Stratfor has been purposefully misrepresented by these so-called Anons and portrayed in false light as a company which engages in activity similar to HBGary. [A reference to the company that claimed to have infiltrated Anonymous and had threatened to attack WikiLeaks]
"Sabu and his crew are nothing more than opportunistic attention whores who are possibly agent provocateurs."
The hackers rejected the claim the following day:
"Anyone can claim to be Anonymous, but because of the inherent decentralised nature of Anonymous, without central top-down leadership, no individual is in a place to speak to the legitimacy of another individual or group's operation. Furthermore, our history of owning high profile targets as Anonymous has been well documented at the #antisec embassy and is well known and respected within all Anon communities."

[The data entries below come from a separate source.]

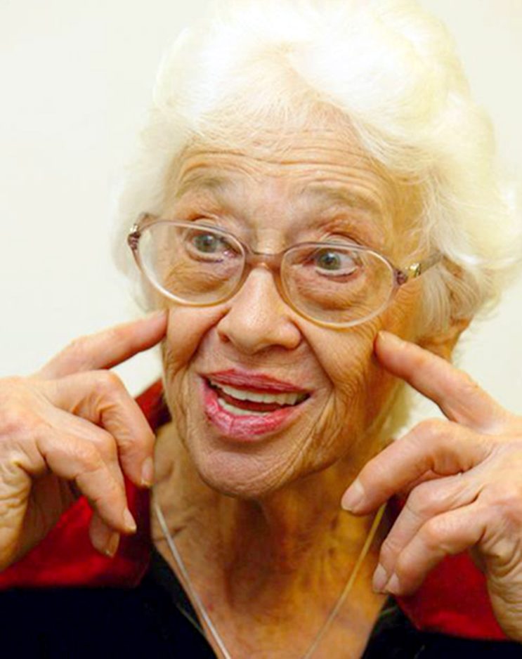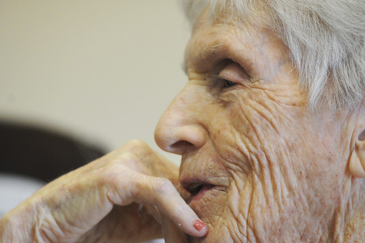 Anna Cowan flashes a rare smile as Gina Gina Iuliucci, Activities Coordinator for Woodside at the Presbyterian Senior Care can make the seniors smile and clap with singing and dancing to melodies from their earlier days.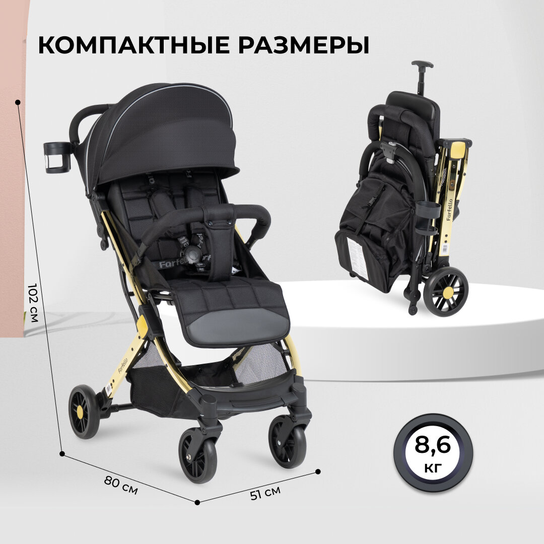 Коляска для детей Farfello Comfy Go / прогулочная коляска / то 7 месяцев / CG-99 / цвет черный / рама золото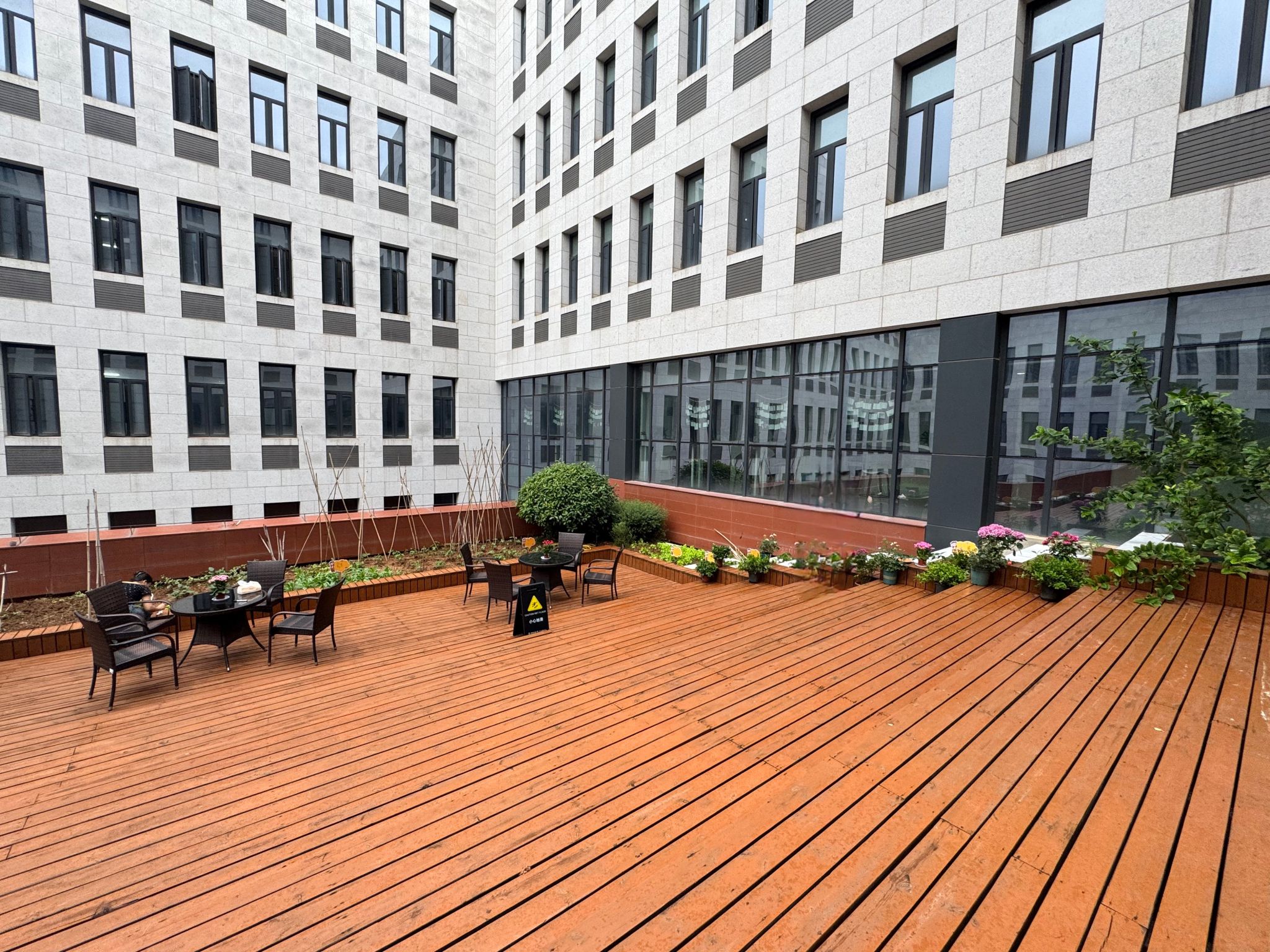 李欢欢介绍公司“三位一体”的综合育人空间。该空间融合研究生劳动实践教育、导学互动、绿色理念宣传等育人功能。在劳动实践教育维度,通过引领研究生亲身参与播种耕种,推动劳动教育从方法理念转化为“可参与、可触摸、可感知”的沉浸式成长体验,提升研究生的劳动素养与责任意识;在导学互动维度,通过打造非正式的交流模式,拓宽导师与研究生的沟通交流场域,打破严肃的室内沟通氛围,让“亦师亦友”的成长陪伴成为导学常态;在绿色理念宣传维度,通过每年开展绿植培育大赛活动,让“绿色基因”融入研究生的学术理想与人生追求,引领研究生身心健康成长。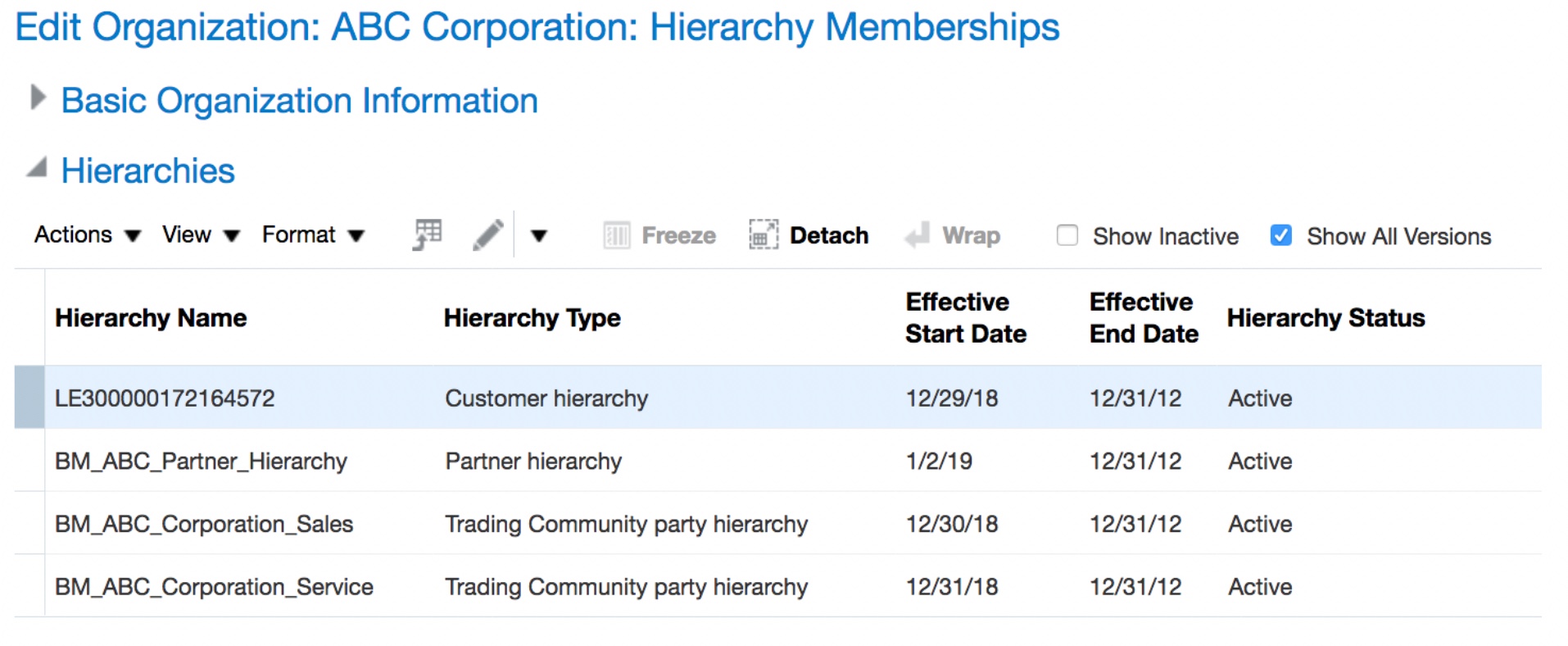 You can create multiple versions of a customer hierarchy; however, only one hierarchy version can be active on a specific date. You can create a new hierarchy to represent the structure of a new customer. If the customer has made minor changes to its organization, you can create a new version rather than edit the existing one.

Then on December 27, an article written by "A" was posted at Cryptome, a long-established website about freedom of speech, intelligence and surveillance:
"Anonymous fancies itself as some sort of hacktivist organization fighting for the greater good of all mankind. In reality it is nothing more than a name that different groups can hide behind in order to leak/drop information and attach itself to the Anonymous 'brand' or rather, its PR infrastructure.
"[Hacker] groups realised that by using the Anonymous name they could effectively use other Anonymous members as a 'human' shield and have some plausible deniability... Using Anonymous, anyone can hack/leak and delete corporate or government secrets and make it look like it was the 'hacktivists' that did it."
These high-profile hacks attract unsuspecting enthusiasts who then take part in denial of service attacks - and it's these scapegoats who end up getting arrested, leaving the real, more skilled culprits to continue operating in the shadows. Or so the theory goes.
The article speculates that while Stratfor may have been targeted in part because it was easy to attack - something the hackers themselves seem to have confirmed - it also asks why they didn't target one of the more politically relevant intelligence firms, like GK Sierra, Aegis, GPW or Hakluyt.
For my part, I wonder why the servers and the backups were erased.
"This then leaves the imagination to wander," the article said, "Was the Stratfor hack the work of a competitor? Foreign Intelligence Service?"
No evidence was offered, however, and the praise of Stratfor's work and the worthiness of its clients were expressed in similar terms to the emergency press release. I wouldn't be surprised if both documents represented a bit of Stratfor astroturfing. After all, being hacked by foreign spooks or serious cybercriminals sounds better than being hacked by a global rabble.
Still, there are persistent murmurings in the information security community that Anonymous isn't all that it seems. And recently I spoke with someone who had worked for a national intelligence agency until not that long ago. Being able to call yourself Anonymous was "handy", they said.
Stilgherrian is an opinionated and irreverent writer, broadcaster and consultant based in Sydney, Australia.